Now we are seeing total soccer exhibited by clubs like Liverpool that constantly break lines, transition in blocks to attack and defend incredibly fast, press constantly, and shoot whenever possible.
Possession, total, counter-attack; they are all valid.
You cannot force a squad to play a certain way.
You are limited to your players’ ability which you, as a coach, help to fine-tune by teaching fundamentals rather than styles of play. Is the opponent pressing you? The long ball passes to the other side and starts a counter. Is the opponent better on an individual skill level?
Wait, defend, and counter-attack.
Nobody is trained to play anymore, they are just taught to do a certain array of mechanics, so when you are faced with better opponents, players only know how to stick to the few mechanics they have been brainwashed into always doing. They do not know how to react to a game or what to do when the opponent can neutralize their method.
Spontaneous, natural formation perfected by learning the fundamentals of the game is the best of all, it has no regulations, no pre-set requirements or benchmarks.
Teach the kids the importance of first touches in dynamic situations, emphasize the beauty of playing simple, but always forward, and materialize the idea that breaking the line is necessary to move.
A law of soccer training is that you have to play a lot, if you don’t play a lot you don’t develop talent, and in another order, if you don’t play, you don’t reproduce the situations that you have to learn to solve to play or understand the development of the same.
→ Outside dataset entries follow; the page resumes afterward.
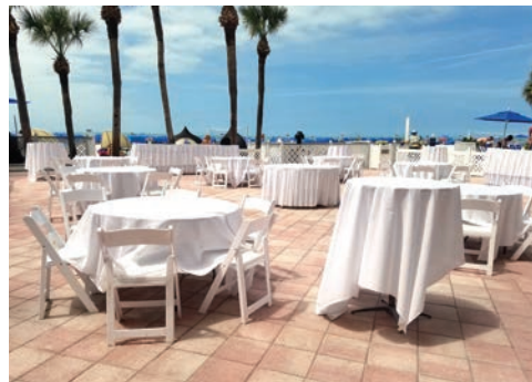
7. SOUTH BRECK DECK 50 – 150 guests for Cocktail Hour, Reception, Rehearsal Dinner or Brunch. This stunning setting offers a scenic view just a few steps away from St. Pete Beach.
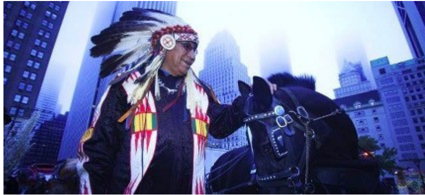
Chief Arvol Looking Horse.
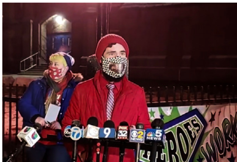
Educators at Nathan Davis Elementary protest being forced back into buildings, despite a 16 percent positivity rate in their community.

Video Still, View video on CTU Facebook page

Playing football well is learning to solve situations, and one learns to solve them by facing them.
How does the naturally formed one deal with them?
In my experience it was like this, I always wanted to play and I didn’t have a ball or structure to do it, I had to play in the street, there are no rules, if you want to be part of the group you must share the only ball, you must take care of possession, as there is no prohibited ages or physiques, the solution is “I avoided the smallest or weakest and before the largest and strongest I passed the ball as quickly as possible”
If you play hours every day for years like this, you find the solutions to the competition problem most easily.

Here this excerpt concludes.